Une capacité d'attention améliorée

Chez les méditants «naïfs», qui pratiquent de manière moins intensive, ces changements structurels ne sont pas observables. Des spécificités sont toutefois rapidement notables en termes d'activation cérébrale. «Des études montrent qu'après huit semaines d'exercice méditatif, des changements sont déjà observables, indique le Pr Bondolfi. Certaines zones du cerveau, comme celles de l'attention, de la régulation des émotions ou encore de la conscience corporelle, sont plus activées que chez les personnes qui n'ont jamais médité.» L'amélioration de la capacité d'attention est d'ailleurs le premier bénéfice de la méditation de pleine conscience. La bienveillance, l'acceptation, la confiance ou encore la patience sont autant de compétences qui peuvent être développées grâce aux pratiques méditatives.

Faire cohabiter science et spiritualité

Aujourd'hui, la médecine occidentale tire parti de ces bénéfices en utilisant la méditation comme outil d'accompagnement. Des programmes proposés dans certains hôpitaux aident, par exemple, à lutter contre le stress engendré par une maladie chronique ou à prévenir les rechutes dépressives. Mais avant d'en arriver là, pratiques spirituelles et médecine traditionnelle ont eu de la peine à cohabiter. «Le XXe siècle est caractérisé par un courant très réductionniste, souligne Jacques Besson. Pour de nombreux scientifiques de l'époque, la théologie n'était qu'un besoin psychique.» Ce sont les progrès de l'imagerie médicale et la diversification des recherches en neurosciences qui ont permis de créer un lien entre les deux disciplines.
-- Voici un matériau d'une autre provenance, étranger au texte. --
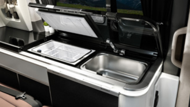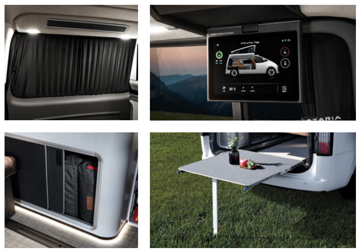 스타리아 캠핑카의 외관은 미래지향적 디자인을 자랑합니다. 대형 파노라마 윈도우와 세련된 헤드램프는 현대적인 감각을 한층 더 강조합니다.
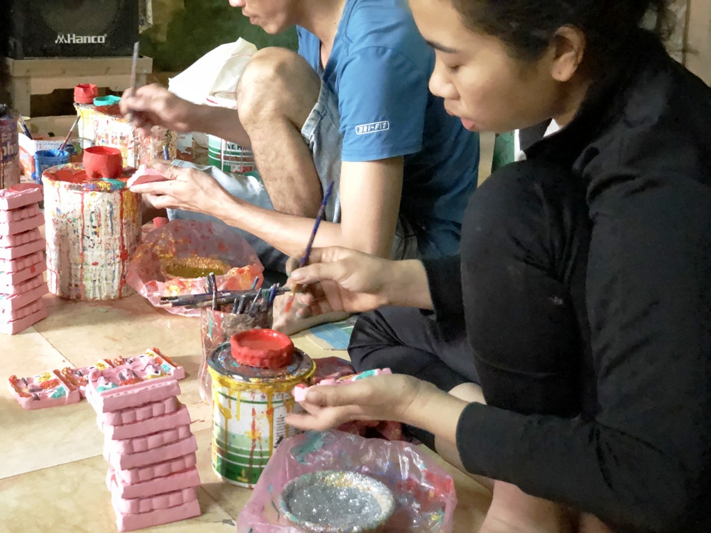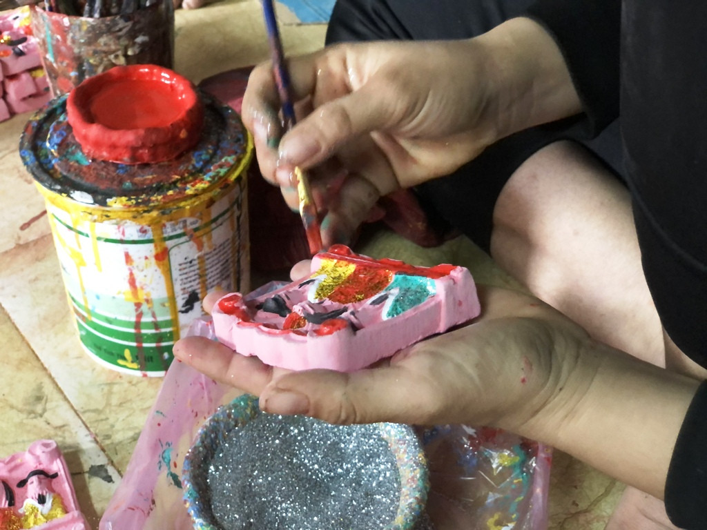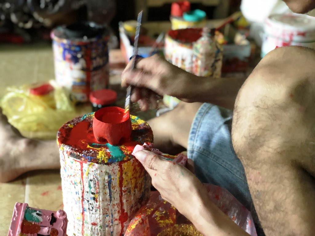 Những bức tượng được làm khô bằng quạt sau đó phết sơn “làm đẹp” và trải qua các khâu trang trí khác, trong đó có việc phủ bột kim tuyến tạo sự bắt mắt. Tuy nhiên, cũng có loại tượng mang độc màu nâu sậm của gỗ.

Les premiers travaux concernant l'influence de la méditation sur le cerveau remontent aux années 50. Les scientifiques se sont alors intéressés à des praticiens expérimentés du yoga en Inde. Puis, dans le courant des années 70, la rencontre entre méditation et neurobiologie s'est intensifiée. Des scientifiques collaborent notamment avec le dalaï-lama, et fondent en 1990 Mind Life, une association qui explore la relation entre la science et le bouddhisme. Leurs études permettent de donner un éclairage scientifique aux expériences subjectives liées à la spiritualité.

Mais attention: comme bien souvent en médecine, ces activités n'ont rien d'une «pilule miracle». Dans la prière comme dans la méditation, une pratique régulière est indispensable pour engendrer des effets bénéfiques. La plasticité cérébrale est comparable à un muscle: pour créer de nouvelles connexions entre les neurones, il faut s'entraîner à la spiritualité.